Secondo i Saggi però il divieto di uscire non si riferisce solo ai ‘mangiatori di manna’ ma ha delle ripercussioni sulle nostre regole dello Shabbat, essendo la fonte delle regole del Tchum Shabbat, il limite geografico oltre il quale è proibito spingersi di Shabbat.

I nostri Saggi discutono nel trattato di Shabbat (69a) se questo divieto sia di origine Biblica (Deoraità) secondo il punto di vista di Rabbì Akivà o sia piuttosto una disposizione rabbinica secondo l’opinione dei Saggi. In entrambi i casi la ‘fonte’, o il ‘riferimento’, è proprio il nostro verso.

Secondo il Sefer HaChinuch, la nostra Parashà contiene una sola mizvà, il divieto di uscire dallo Tchum Shabbat.

Il Sefer HaChinuch (Mizvà 24) codifica secondo Maimonide il divieto che vige di Shabbat di uscire dal limite fissato dalla Torà (12 mil). Si tratta della distanza massima che si può raggiungere di Shabbat oltre l’ultima casa di una città. I nostri Saggi hanno poi ristretto questo divieto ad un solo mil (2000 cubiti) [in unità moderne circa 1 km]. Il Sefer HaChinuch spiega che la radice di questa mizvà è nel riconoscere che il mondo viene continuamente rinnovato dal Santo Benedetto Egli Sia.

Rav Morechai Elon, sui cui insegnamenti si basa questa derashà, si chiede come mai la Torà scelga di introdurre lo Shabbat proprio con la ‘strana’ mizvà delTchum. Non solo: come mai il Tchum merita di essere menzionato, o almeno ricordato espressamente, mentre le trentanove categorie di lavori proibiti di Shabbat si imparano attraverso le regole ermeneutiche, e non sono mai elencate nella Torà?
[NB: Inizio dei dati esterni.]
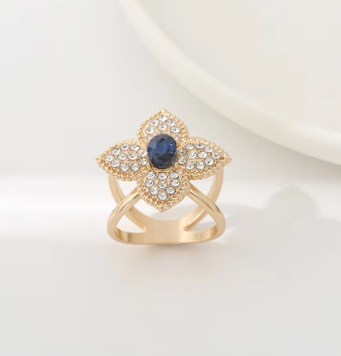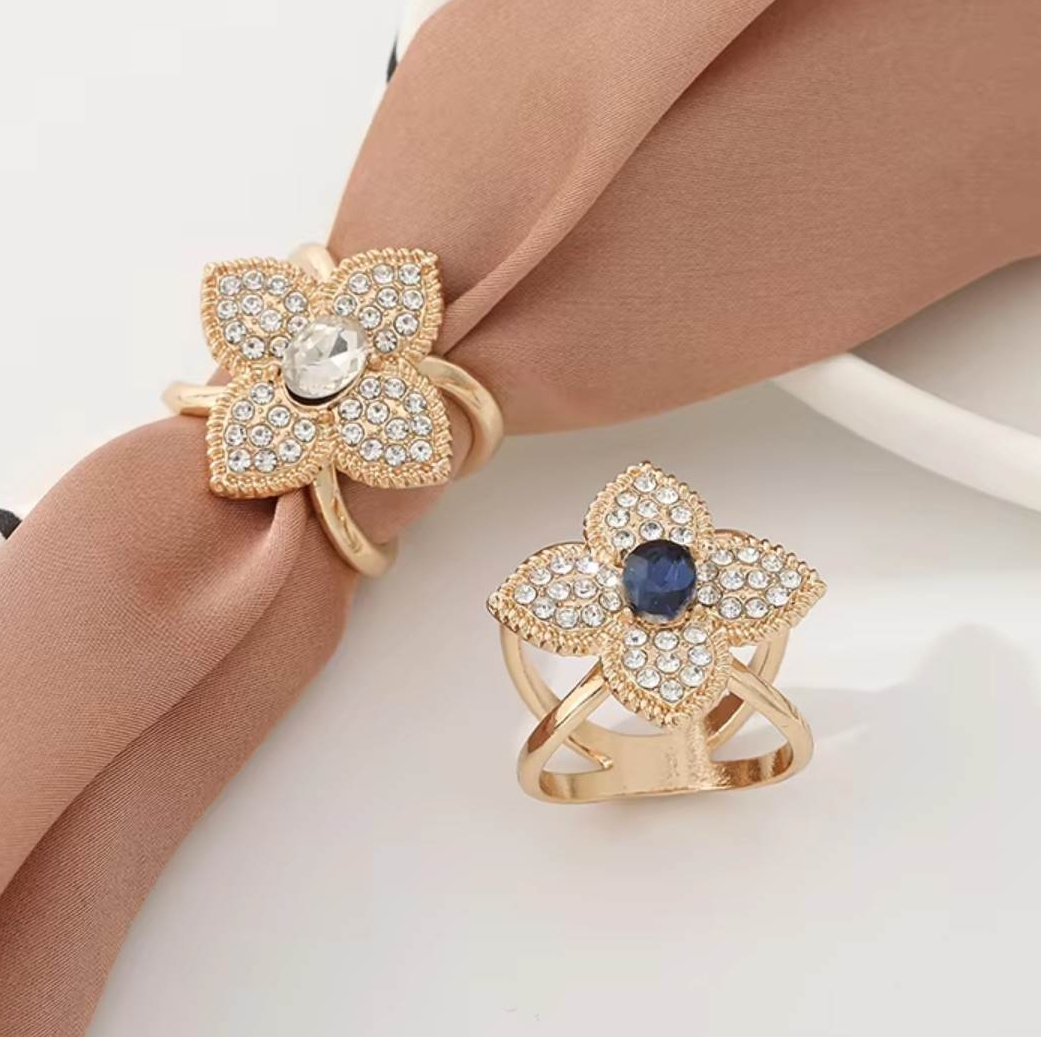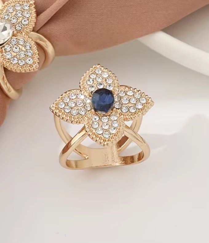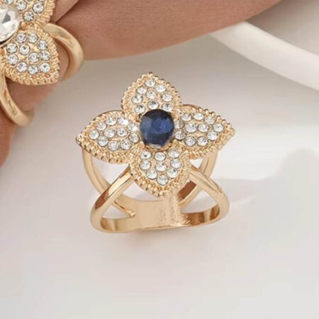 Brošňa na šatku a šál – zlatý štvorlístok s modrým kryštálom

Diciamo la verità poi, di tutte le regole dello Shabbat, se ci avessero chiesto qual’è la meno esemplificativa del concetto di Shabbat, probabilmente avremmo detto il Tchum. Non è neppure un’azione vera e propria, e non si capisce bene che ‘male’ ci sia. Un centimetro oltre il Tchum e ho trasgredito lo Shabbat!
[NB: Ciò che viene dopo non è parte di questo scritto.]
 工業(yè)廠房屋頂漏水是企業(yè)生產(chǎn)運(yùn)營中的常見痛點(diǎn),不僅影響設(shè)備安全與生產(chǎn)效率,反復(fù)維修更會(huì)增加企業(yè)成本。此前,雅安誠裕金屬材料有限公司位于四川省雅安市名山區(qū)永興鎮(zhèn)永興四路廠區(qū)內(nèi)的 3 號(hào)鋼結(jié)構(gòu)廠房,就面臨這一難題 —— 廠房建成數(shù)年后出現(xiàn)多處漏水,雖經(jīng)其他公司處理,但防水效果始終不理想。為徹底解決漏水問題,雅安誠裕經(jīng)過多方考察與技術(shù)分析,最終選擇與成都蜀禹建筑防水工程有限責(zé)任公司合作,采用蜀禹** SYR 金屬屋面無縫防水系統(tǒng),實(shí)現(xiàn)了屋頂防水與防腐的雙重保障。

Tutto ciò già basterebbe di per sé se Rabbì Jeudà Hannassì, il compilatore della Mishnà, non avesse scelto di aprire il trattato di Shabbat con le regole del divieto di trasporto di Shabbat, che pur facendo parte delle trentanove categorie, è idealmente molto simile al concetto di Tchum.

L’idea di uscire, o di far uscire, sembra dunque essere la prima lezione da capire circa lo Shabbat. Notevole il fatto che se lo Shabbat è la santificazione del tempo, la Torà inizia a spiegarci i suoi limiti nello spazio.

Rav Elon shlita ricorda come il dominio su spazio e tempo venga considerato come uno dei grandi successi dell’uomo moderno. La tecnologia ci permette certamente di relazionarci a spazio e tempo in maniera apparentemente estremamente libera. Pensiamo al giorno ed alla notte. Grazie alla luce elettrica, non fa grande differenza se fuori è giorno o notte e le ore lavorative si protraggono ben oltre il termine naturale della giornata. Tra i giovani è anzi particolarmente invalso l’uso di invertire quanto possibile il giorno con la notte, quasi che più si viva la notte, più si sia ‘moderni’. Lo stesso si può dire per lo spazio. Grazie alle comunicazioni possiamo interagire in pochi secondi a grandi distanze, e l’importanza delle distanze si relativizza. Oggi conosciamo in tempo reale quanto avviene dall’altra parte del globo. Ciò comporta socialmente una perdita d’identità in favore di una globalizzazione delle idee e delle culture. Tutto ciò è bene o è male? Dipende. Come in ogni conquista tecnologica dell’uomo ci sono enormi potenzialità, ma anche incredibili rischi.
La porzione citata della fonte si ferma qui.